::: Data block :::
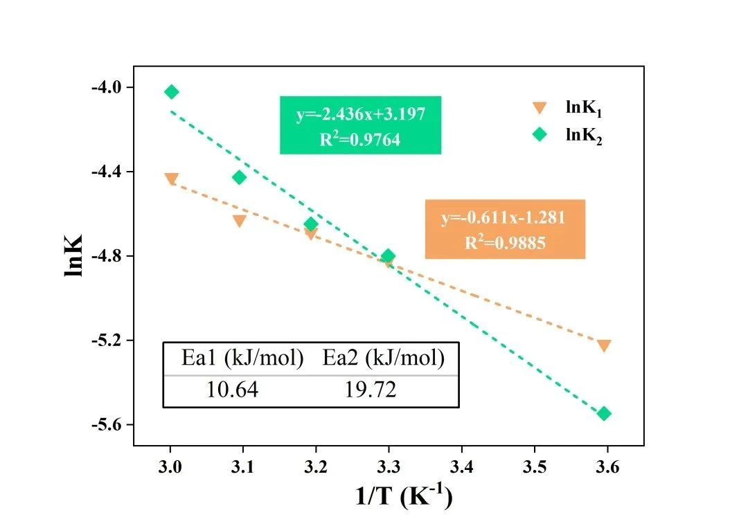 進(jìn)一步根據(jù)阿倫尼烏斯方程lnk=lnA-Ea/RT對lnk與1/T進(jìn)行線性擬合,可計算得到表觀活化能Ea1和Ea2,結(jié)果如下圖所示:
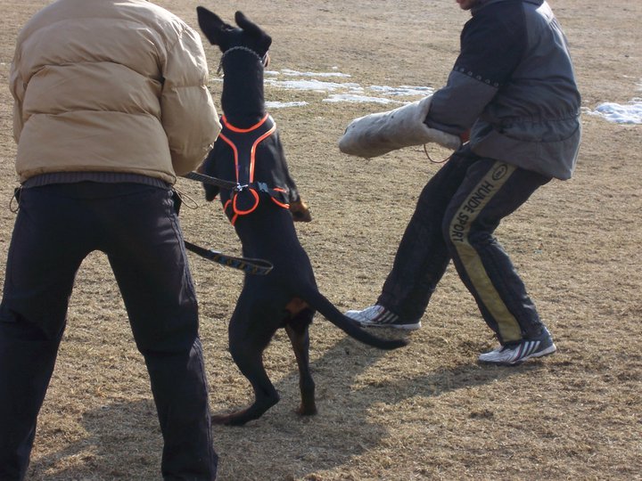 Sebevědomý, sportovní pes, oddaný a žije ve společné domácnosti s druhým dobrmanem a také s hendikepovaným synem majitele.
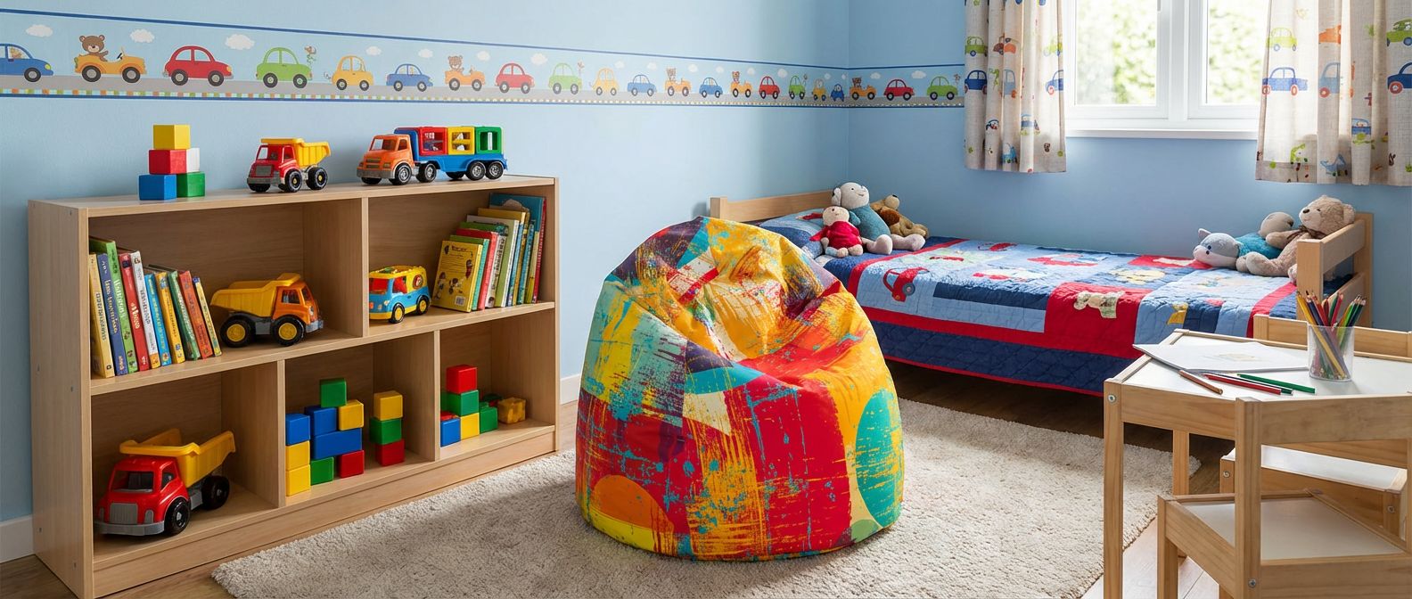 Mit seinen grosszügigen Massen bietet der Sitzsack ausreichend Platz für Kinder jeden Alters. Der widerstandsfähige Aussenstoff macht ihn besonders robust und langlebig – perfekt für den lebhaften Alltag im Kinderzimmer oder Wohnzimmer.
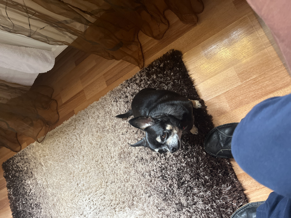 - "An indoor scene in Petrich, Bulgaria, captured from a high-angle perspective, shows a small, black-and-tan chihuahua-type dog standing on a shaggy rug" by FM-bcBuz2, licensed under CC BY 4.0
:::
Directions for this task:
Skip the pictures and copy exactly the lines from the one containing "Mit seinen grosszügigen" through the end of the material, both ends included.

Response for this exercise:
 Mit seinen grosszügigen Massen bietet der Sitzsack ausreichend Platz für Kinder jeden Alters. Der widerstandsfähige Aussenstoff macht ihn besonders robust und langlebig – perfekt für den lebhaften Alltag im Kinderzimmer oder Wohnzimmer.
 - "An indoor scene in Petrich, Bulgaria, captured from a high-angle perspective, shows a small, black-and-tan chihuahua-type dog standing on a shaggy rug" by FM-bcBuz2, licensed under CC BY 4.0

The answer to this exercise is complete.